Wisconsin Court: It’s Legal to Kick Out a Black Roommate
Fair-housing law doesn’t apply to cohabiting individuals, an appeals court found in the case of a black tenant who says his white roommate—and landlord—kicked him out because of his race.
In Wisconsin, the law says you can’t refuse a tenant because he’s black. Except sometimes, you can.
A Milwaukee appeals court on Tuesday ruled in favor of a white man who kicked out his black tenant, finding that the state’s fair housing law does not apply to situations where individuals are sharing a dwelling. The black roommate in the case, Martin Jones, claimed in an appellate brief that he had been evicted because the wife of his white roommate, Michael Haller, took issue with his race. A lower court dismissed Jones’s claims with prejudice in 2015, but he appealed the ruling.
But his luck was no better at the appellate level.
“It is undisputed that the reason Haller made Jones vacate 2209 East Vollmer was based, at least partially, on the fact that Haller is African American,” the Wisconsin 1st District Court of Appeals wrote.
But the men’s rental agreement doesn’t show that either man saw the residence as a two-unit dwelling, and their relationship was more similar to that of roommates living in one unit.
“When Haller informed Jones that he would have to move out, therefore, it constituted a decision by Haller as to the person with whom he wished to share his home,” the court wrote. “Such an act is not subject to the Wisconsin Open Housing Law.”

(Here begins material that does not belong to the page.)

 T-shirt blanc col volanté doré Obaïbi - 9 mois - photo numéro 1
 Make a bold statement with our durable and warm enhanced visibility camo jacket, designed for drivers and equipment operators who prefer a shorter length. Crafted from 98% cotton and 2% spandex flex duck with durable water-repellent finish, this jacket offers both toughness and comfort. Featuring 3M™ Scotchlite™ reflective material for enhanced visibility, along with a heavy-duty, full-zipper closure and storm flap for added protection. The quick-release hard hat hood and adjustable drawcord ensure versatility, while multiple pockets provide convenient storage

Jones moved in with Haller, who was recently separated from his wife, in February 2013, according to Jones’s court filings. He signed a $400-a-month rental contract for one of Haller’s three bedrooms in a Milwaukee house. Haller remained in the house with him, and the two occasionally watched TV together and talked about personal things. Though Haller was separated from his wife, Alicja, she also occasionally dropped by to do her laundry in the house she co-owned with her husband.
Then one day, Haller and his wife got in a fight that ended with Haller telling Jones he had to move out because Alicja had "issues" with a black man living in their house, according to Jones’s brief for the court.

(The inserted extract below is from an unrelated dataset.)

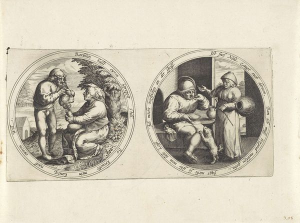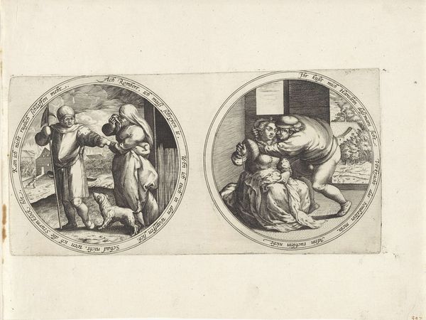 Curator: This intriguing engraving at the Rijksmuseum, titled "Echtpaar met een spiegel en een visser die een vrouw een vis overhandigt"—loosely translated as "Couple with a Mirror and a Fisherman Offering a Woman a Fish"—invites layered readings of its historical moment. Attributed to an anonymous artist and dated somewhere between 1555 and 1631, it presents two circular scenes. What strikes you first about its composition? Editor: Immediately, I notice the starkness of the engraved line, the precision of the tool biting into the plate. The artist's labour, painstakingly creating these two worlds, the almost allegorical feeling of these contrasting scenes. It looks extremely material, I wonder if it had to do with wedding practices, perhaps the beginning of bourgeois practices of gift exchanges. Curator: That's a compelling point regarding the material gift as an emblem. It echoes with narratives around courtship rituals and gendered economic exchanges. The image on the right presents this quite literally with the exchange of fish from a male figure to the young lady, who is possibly being tempted into this deal with fish that could symbolise the wealth being offered and her power. While on the left there's an aged couple in bed with what seems like a child? Are they reflections on ageing? Or family ties? The material and meaning have a direct social commentary. Editor: The social element is undeniable, particularly within the medium itself. This work wouldn’t exist without the specific tools and processes required. You're totally right, it raises the idea of generational exchanges, the continuity of labour, from the fisher to family ties, through the means of providing with gifts! Curator: The medium’s dissemination, through printmaking, means these themes reach broader audiences, shaping discourses about social and economic relationships—specifically about social hierarchy and social capital through gender in European families during the era it came from. What the message delivered could be very impactful to cultural norms and customs that might not be available to common viewers like us. Editor: Exactly. The act of repetitive printmaking underscores the act of standardized labor that enables visual propaganda of wealth to occur, as in fishing or relationships, where gifts in the image are then proliferated and consumed en masse in European popular media. The meaning could potentially be skewed by social interpretation with class in mind, which would ultimately turn into further political arguments of family planning. Curator: Thinking through these various intersections allows us to appreciate its role, a humble-seeming print, which had considerable resonance in broader social narratives. Editor: And looking at the materiality opens our understanding of the period, helping reveal labor practices and political tensions within European history and beyond, from gender all the way to ageism.

"The [Haller] also told [Jones] that he felt bad about asking the [Jones] plaintiff to move out but that he had to take his wife's wishes into account because her name was also on the title to the house," the brief said.
Jones moved out by the deadline, less than two months after moving in with Haller. But such a request violated Wisconsin state law, Jones claimed, because it discriminated against him based on race. Haller was more than a roommate, according to Jones: He was the homeowner and thus a proper landlord.
Haller told the court a different story.
Haller alleged that Jones was nothing more than a bad roommate who hogged the fridge and monopolized the shared television.
"Twice, [Haller] found feces that were very large and unflushed in the toilet which [he] had to plunge and flush down," he also alleged in his brief for the appeals court.
And Haller claimed that Jones tried to trick him into saying something incriminating after Haller told him he’d have to move out, all while audio-recording their conversation on his phone. While Jones claimed that Haller volunteered a race-based reason for eviction, Haller said Jones tried to trick him into saying it was because of Jones’s race. In addition, Jones allegedly took a collectible blanket of Haller's with him when he finally left.
In his brief, Haller also claims that his wife had no influence over his decision to evict Jones, and that they had even cohabited together for a time.
“It's true that my wife came over and we had an argument, like so many that we'd had during our marriage, but it was nothing to do with my having a Black roommate,” Haller wrote. “She was angry at me for being able to seemingly be getting along fine without her.”